Requirement:
Span requested from the data below: the line with "巖島神社（元は弁天様!?)" through the line with "Figura - 44", both included. Give only these lines again, exactly, and leave every picture out.

Supplied material:

[Start of section]

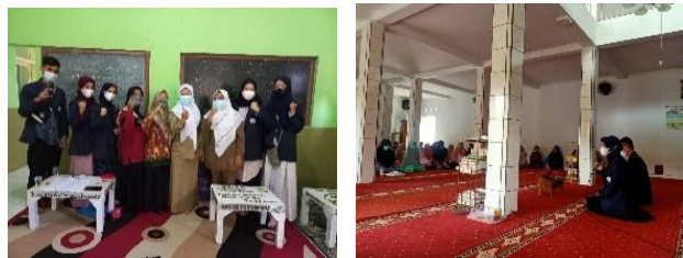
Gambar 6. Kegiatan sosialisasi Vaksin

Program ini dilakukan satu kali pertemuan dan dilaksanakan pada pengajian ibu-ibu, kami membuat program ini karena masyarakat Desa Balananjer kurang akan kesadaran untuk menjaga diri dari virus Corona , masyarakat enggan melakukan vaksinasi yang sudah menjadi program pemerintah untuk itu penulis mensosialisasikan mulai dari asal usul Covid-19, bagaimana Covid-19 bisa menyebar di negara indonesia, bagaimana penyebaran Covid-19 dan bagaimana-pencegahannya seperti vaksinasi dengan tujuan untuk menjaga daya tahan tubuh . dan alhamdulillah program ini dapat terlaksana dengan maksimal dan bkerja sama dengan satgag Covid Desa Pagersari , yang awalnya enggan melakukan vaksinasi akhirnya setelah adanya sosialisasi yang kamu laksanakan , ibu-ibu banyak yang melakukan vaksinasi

[End of section]
[Start of section]

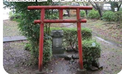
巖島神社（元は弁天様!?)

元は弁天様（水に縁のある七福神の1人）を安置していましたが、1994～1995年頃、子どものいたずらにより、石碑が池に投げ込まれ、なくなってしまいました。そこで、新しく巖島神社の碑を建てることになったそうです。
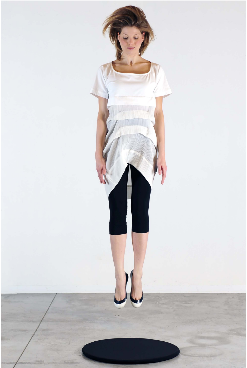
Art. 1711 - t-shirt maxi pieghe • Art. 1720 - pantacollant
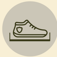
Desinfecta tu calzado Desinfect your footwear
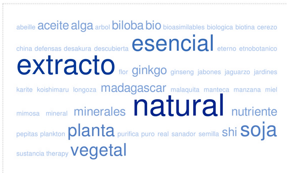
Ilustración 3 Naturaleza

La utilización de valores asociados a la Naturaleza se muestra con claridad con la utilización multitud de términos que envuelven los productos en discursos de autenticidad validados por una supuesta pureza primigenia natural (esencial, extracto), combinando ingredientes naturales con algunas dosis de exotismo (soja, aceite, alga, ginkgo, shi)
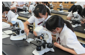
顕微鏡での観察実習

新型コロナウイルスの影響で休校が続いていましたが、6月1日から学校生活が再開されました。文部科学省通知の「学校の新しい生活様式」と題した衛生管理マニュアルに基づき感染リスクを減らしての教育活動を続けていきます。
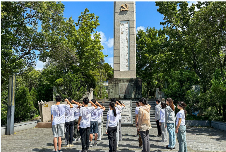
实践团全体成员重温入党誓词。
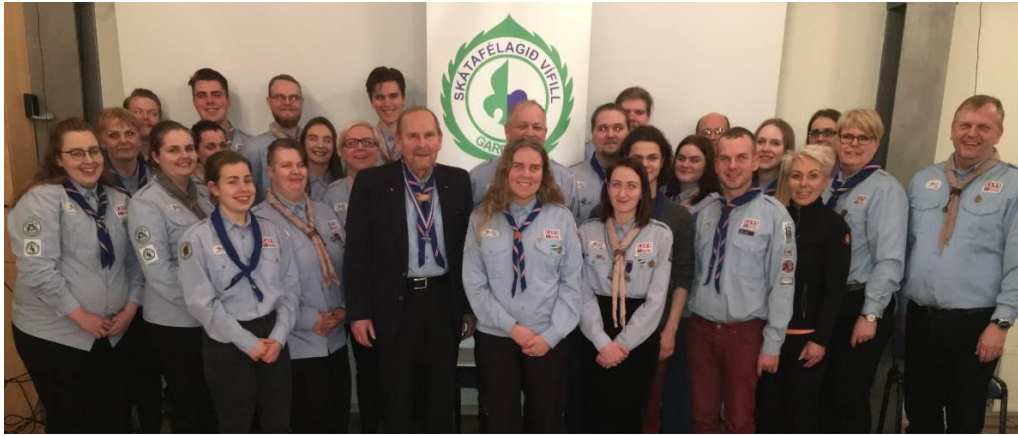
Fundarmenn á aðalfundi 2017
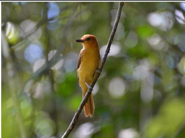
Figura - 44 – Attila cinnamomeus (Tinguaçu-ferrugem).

[End of section]

Solution for this task:
巖島神社（元は弁天様!?)

元は弁天様（水に縁のある七福神の1人）を安置していましたが、1994～1995年頃、子どものいたずらにより、石碑が池に投げ込まれ、なくなってしまいました。そこで、新しく巖島神社の碑を建てることになったそうです。
Art. 1711 - t-shirt maxi pieghe • Art. 1720 - pantacollant
Desinfecta tu calzado Desinfect your footwear
Ilustración 3 Naturaleza

La utilización de valores asociados a la Naturaleza se muestra con claridad con la utilización multitud de términos que envuelven los productos en discursos de autenticidad validados por una supuesta pureza primigenia natural (esencial, extracto), combinando ingredientes naturales con algunas dosis de exotismo (soja, aceite, alga, ginkgo, shi)
顕微鏡での観察実習

新型コロナウイルスの影響で休校が続いていましたが、6月1日から学校生活が再開されました。文部科学省通知の「学校の新しい生活様式」と題した衛生管理マニュアルに基づき感染リスクを減らしての教育活動を続けていきます。
实践团全体成员重温入党誓词。
Fundarmenn á aðalfundi 2017
Figura - 44 – Attila cinnamomeus (Tinguaçu-ferrugem).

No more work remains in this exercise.